Самооценка всего лишь одна из переменных уравнения надменности). Отсутствие конструктивной логики, податливость общественному мнению и ещё много много чего играют тут роль. А эгоцентризм и надменность не совсем синонимы. Человек может фильтровать свои мысли в какой-то степени и анализировать постоянно своё поведение, он может видеть что он например эгоцентрик но при этом он знает что делать, чтобы не выпустить это наружу, аккуратно, шаг за шагом продумывает ходы, чтобы никого не "опустить". Но если этому никак не сопротивляться всё выползает наружу и эгоцентрики люди очень и очень тяжёлые... А просто эгоизм свойственен всем людям. Против природы не попрёшь. Полного альтруизма быть не может... Но к нему тоже можно стремиться... В итоге надменные те, которые не хотят ничего с этим делать и им действительно плевать на всех.

----------


## Akasey

> Скорее всего надменными становятся те, кто достигает неких высот незаслуженно.


 или слишком быстро, и без особых трудов...

----------


## Irina

Сегодня вычитала, что надменность может быть самозащитой от окружающих. Что-то не согласна я с таким мнением.

----------


## АВИАТОР

Это психическое отклонение...

----------


## BiZ111

Увидивило одно сообщение о надменности и рассмешило до приступа истерики его авторство :lol: 

Псих. отклонение. Соглашусь с Авиатором. Вилы =)

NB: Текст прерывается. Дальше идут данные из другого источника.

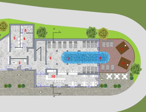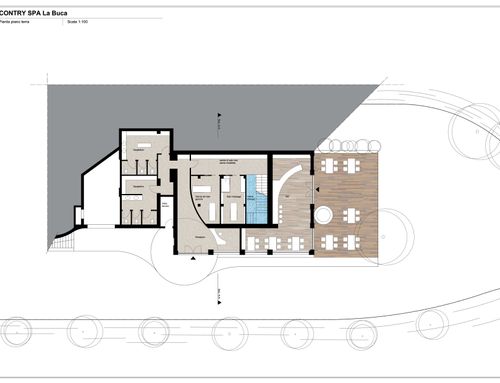 redevelop a barn to become a wellness centre in the agri-tourism sector. The idea is to keep as much as possible the "rustic air" that blends well with the surrounding environment, enhancing the panorama that can be seen from the first floor of the barn. It is thought to include a sauna, a Turkish bath, and a whirlpool, hypothetically on the first floor. if possible also a bar corner on the ground floor...
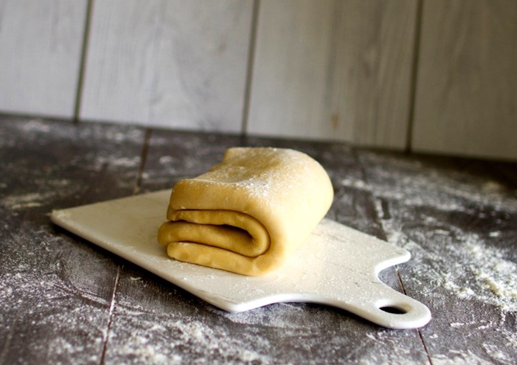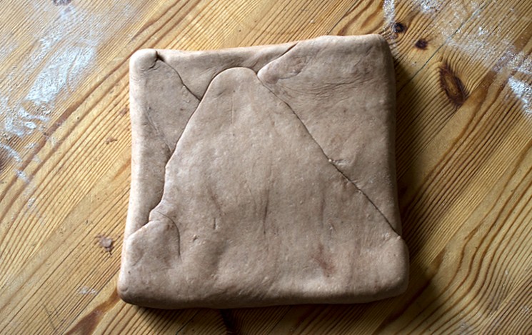 Відлежатися в холодильнику тісто дістати і розкачати в прямокутний пласт розміром приблизно 52х18 сантиметрів. Короткими сторонами всередину скласти пласт внахлест так, щоб вийшло три шари, а сам вийшов пласт прийме форму приблизного тришарового квадрата. В черговий раз звернути тісто в плівку і відправити в холодильник на 2 години отстойкі.
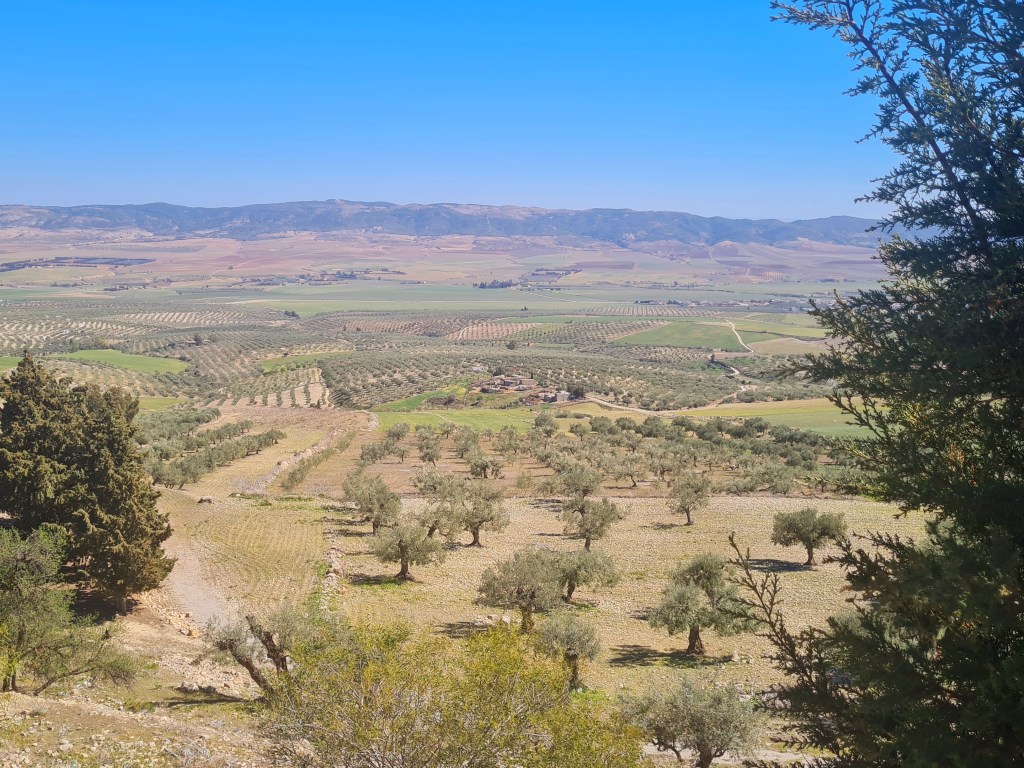 Beautiful views from Dougga over a fertile, olive tree landscape.
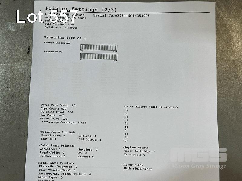 PRINTER, BROTHER MFC-L2750DW MONO LASER MULTIFUNCTION, ADF, USB, NETWORK, 5 PAGES (TEST PAGE ATTACHED) S/N:E78115G1N353905
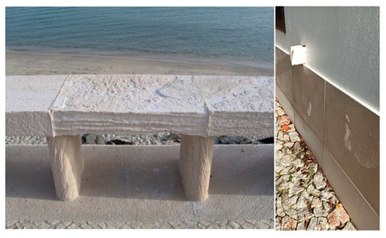 Natural stone facades located near coastal areas usually start by showing surface alterations in colour and gloss and then evolve to changes in the stones’ physical–mechanical properties as salt action goes on [12,16]. Besides salt fog, pollution and moisture rising up through the building’s foundations are also identified as possible salt causes [18].
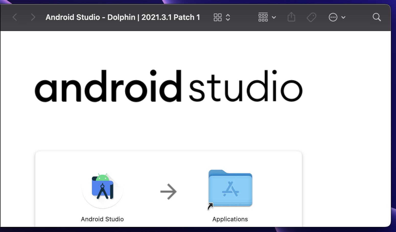 다운 받은 패키지를 열어서 안드로이드 스튜디오 파일을 애플리케이션 폴더로 옮겨주면 설치는 끝납니다.
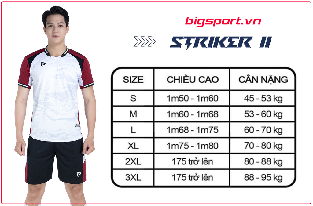 Bảng size Áo đá bóng không logo Just Play Striker 2:
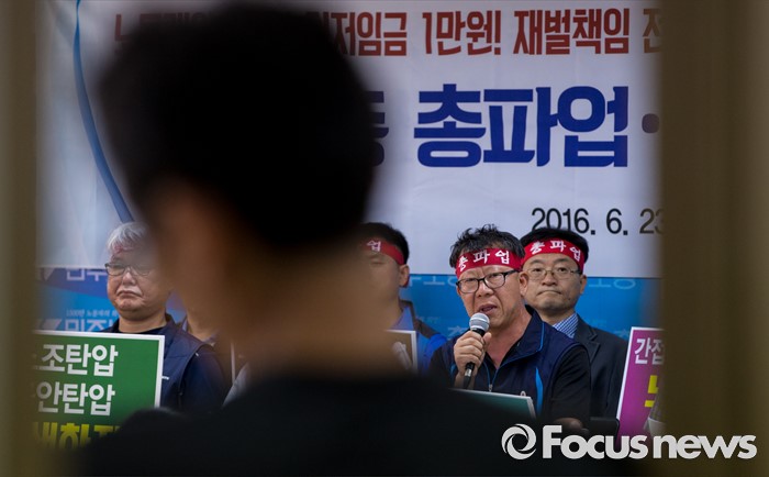 (서울=포커스뉴스) 23일 오전 서울 중구 민주노총 대회의실에서 열린 '민주노총 총파업ㆍ총력투쟁 선포' 기자회견에 참석한 최종진 수석부위원장이 총파업을 결의하는 발언을 하고 있다.
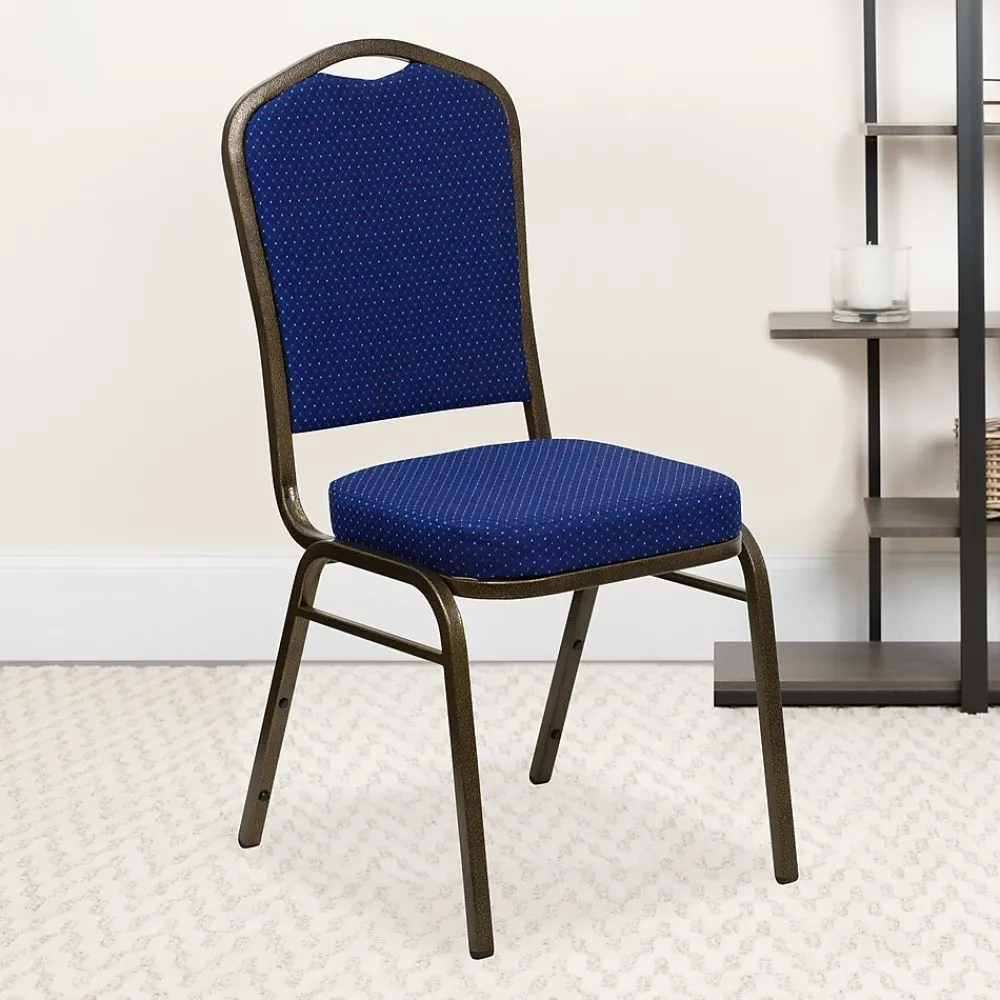 Flash Furniture HERCULES™ Series crown back navy blue fabric banquet chair sold as 4 per pack & is constructed from tough & long lasting 16 ga steel frame with beautiful gold vein powder finish. Chairs are is stackable up to 14 to organizing space.

> Что думаете по этому поводу? Встречались ли вам в жизни такие люди? И как себя с ними вести?


Конечно встречались =) И в данную секунду. 
Если хочешь ужиться и быть "другом" - лижи задницу, сюсюкайся и потакая его(её) психоотклонённым мыслям.

В ином случае - по своему усмотрению. Можно поиздеваться. Такие люди бесятся с пеной у рта при малейшем "прикосновении" =)

Можно просто или дать один раз в морду, спустив на землю или пригрозить хорошенько. 
Особенно в армии любят валить тех, кто считает, что его говно пахнет лучше, чем у других

----------


## Banderlogen

> http://www.tomalogy.org/]Надменность[/url] - проявление в характере заносчивости и показной гордости. И то, и другое - защитные наряды эго в присутствии других людей.
> 
> Такое демонстративное проявление Я многое рассказывает о человеке, женщине или мужчине и его идее о себе. Надменность должна показать, что остальные ему не ровны, и он не намерен расшаркиваться перед ними. То есть они для него не авторитеты, и он не позволит им никакой близости с собой, показывая: "Держись от меня на расстоянии".
> 
> Для чего так много показного? Таким способом маскируется и компенсируется внутренняя нужда во внимании окружающих и уязвимость. Но как только другой человек направляет внимание на того, кто в нём так нуждается, входит обусловленное рацио надменности. Оно считывает другого человека, и если тот не занимает достойную ступень в социальной иерархии и не является для него авторитетом, рацио надменного считает, что внимание ему не оказывают, а подают. Таким вниманием, протянутым ему, "достойному" от "недостойного", надменность не намерена удовлетворяться. Такое внимание или игнорируется или демонстрируется заносчивость, указывающая другому человеку на его социальное место, в попытке проучить его холодом. Мол, никакой вольности, никакого панибратства, никаких чувств: "Я для тебя  недосягаем!".
> 
> Надменный служит богатым, проявляя все виды социального конформизма, лести и угодничества, только требуя в том или ином виде обязательств по отношению к себе, что от их стола крохи богатства, славы и власти перепадут и его столу.


Если бы нас не одолевала гордость, мы не жаловались бы на гордость других. Ларошфуко Ф.

----------